● Task requirements:
In the listing below, locate the line containing "Peacock背测型针盘式百分表196A-6" and copy it and every line after it through the end, exactly as written, leaving out any pictures.

● Source data:
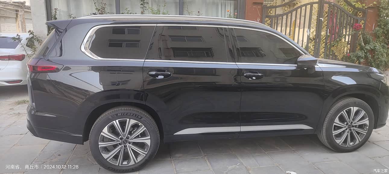 腰线设计流畅顺柔,车身整体轮廓霸气威武,轮毂二十寸的,并配置的是米其林轮胎,城市SUV的舒适性、越野性能都很到位。
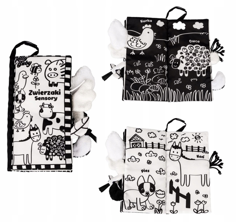 W tej kontrastowej książeczce pochowały się różne zwierzaki! Czy uda Ci się rozpoznać do kogo należy każdy z ogonków? Różnią się one fakturą materiałów, z których zostały wykonane, przez co stymulują zmysł dotyku maluszka.
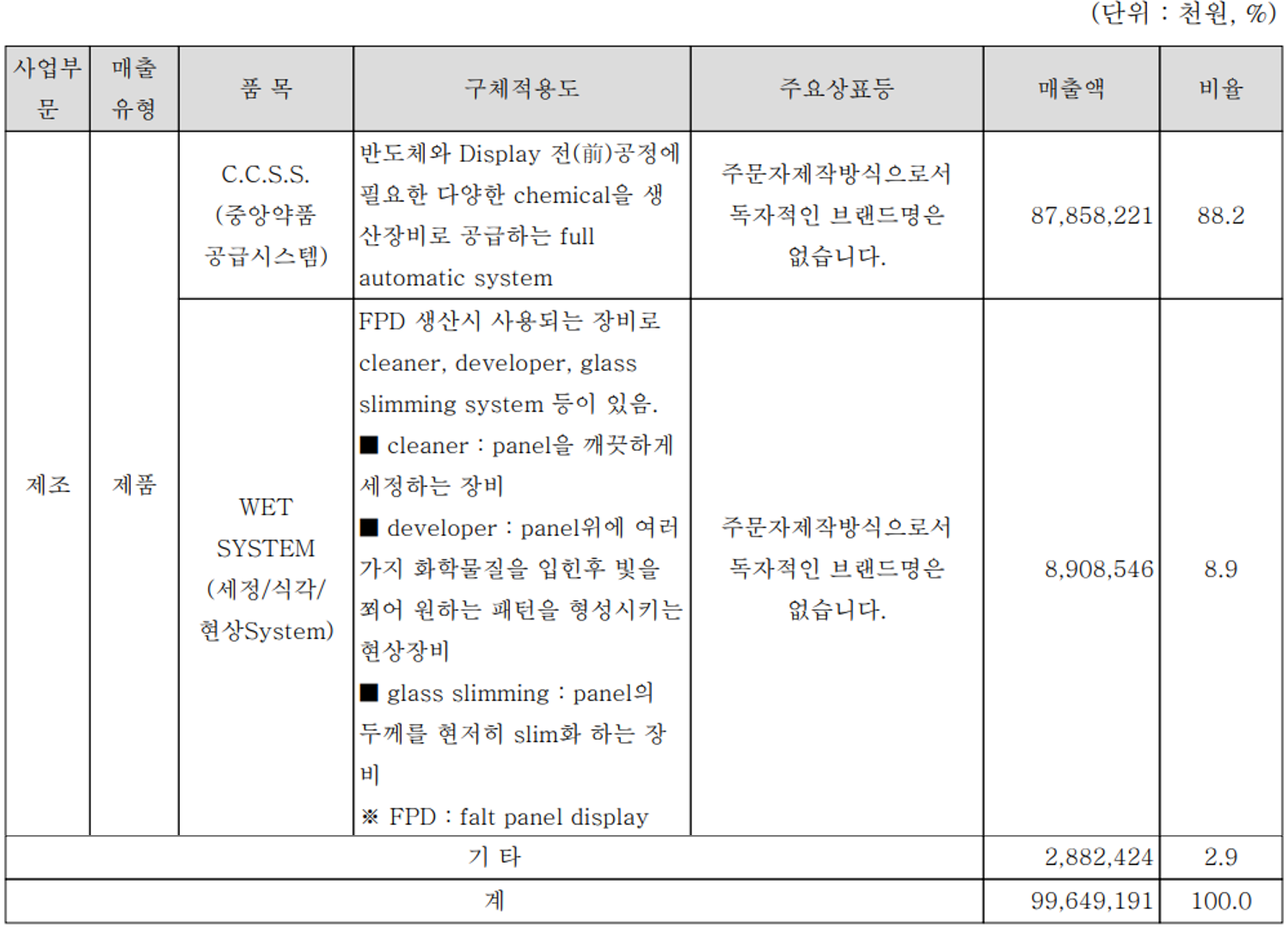 당사는 반도체 제조 공정 상의 케미컬 여과방법 및 장치에 대한 기술로 중앙 약품 공급 시스템(C.C.S.S)과 세정, 식각 및 현상 시스템인 Wet System을 제조, 공급하고 있습니다. 지난 상반기 C.C.S.S의 매출액은 879억 원으로 전체 매출의 88.2%를 차지하였으며, Wet System은 89억 원의 매출로 8.9%를 기록했습니다.
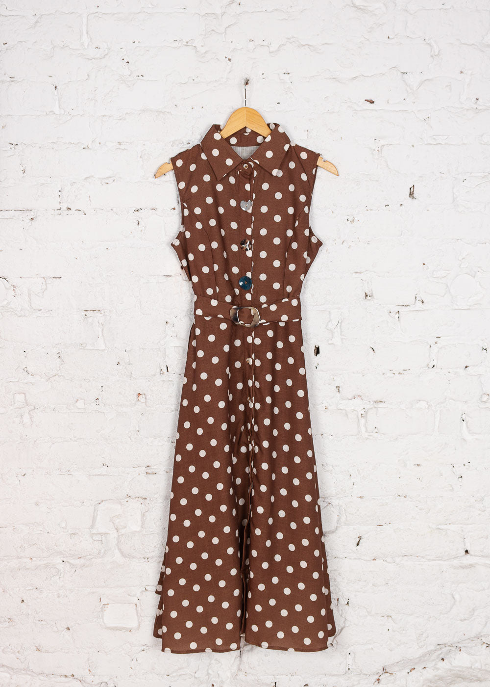 Rochie cămașă Nina maro cu buline
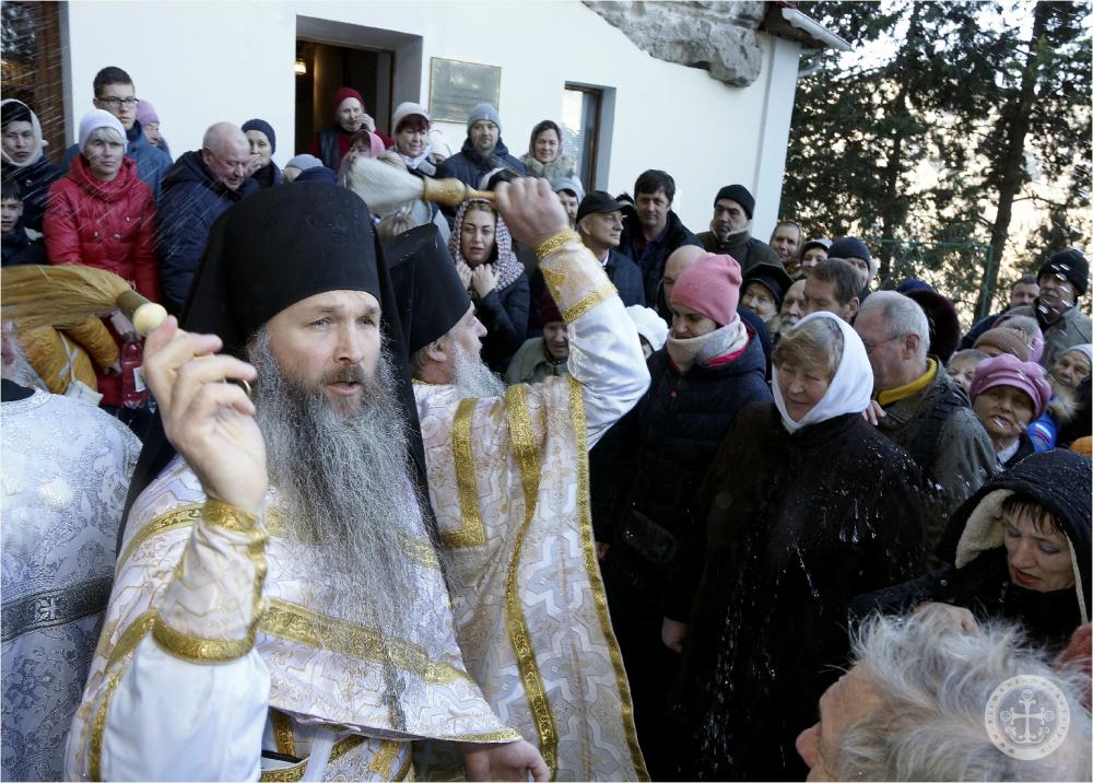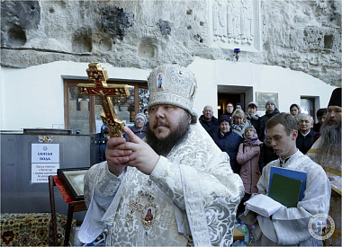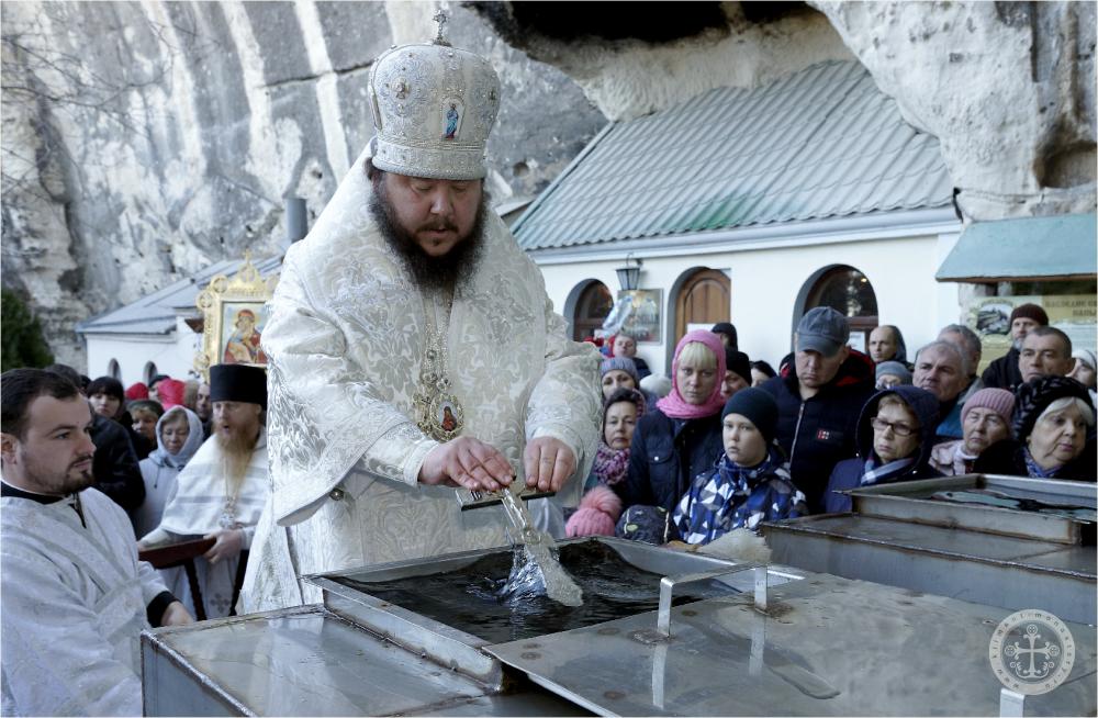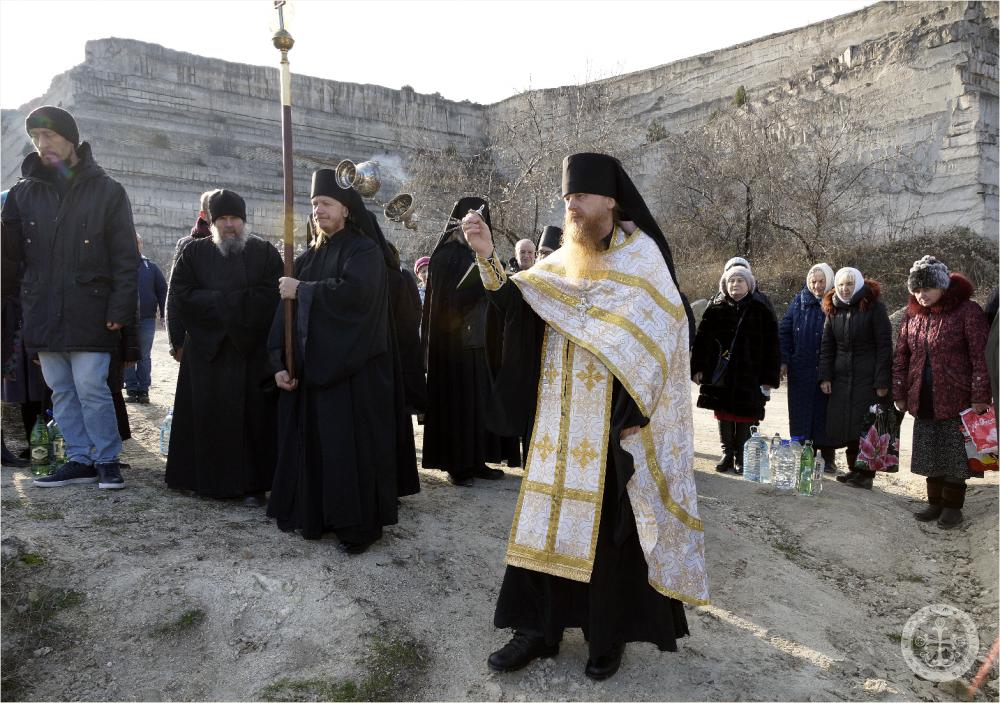 В навечерие Богоявления, Крещенский сочельник, по окончании богослужения в пещерном Климентовском храме были совершены крестный ход на иордань и чин великого освящения воды на Святом озере.
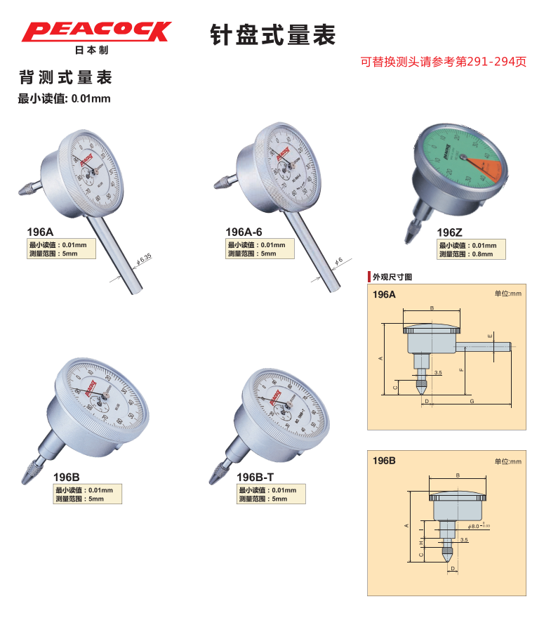 Peacock背测型针盘式百分表196A-6
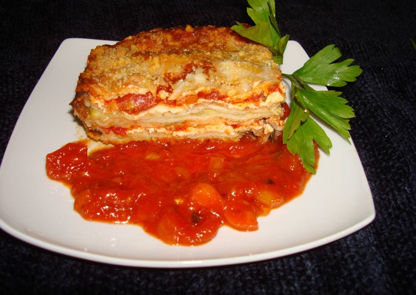 Repetir el proceso de queso ricota, salsa de tomate, mozarela y queso parmesano.

● Answer for the task:
 Peacock背测型针盘式百分表196A-6
 Repetir el proceso de queso ricota, salsa de tomate, mozarela y queso parmesano.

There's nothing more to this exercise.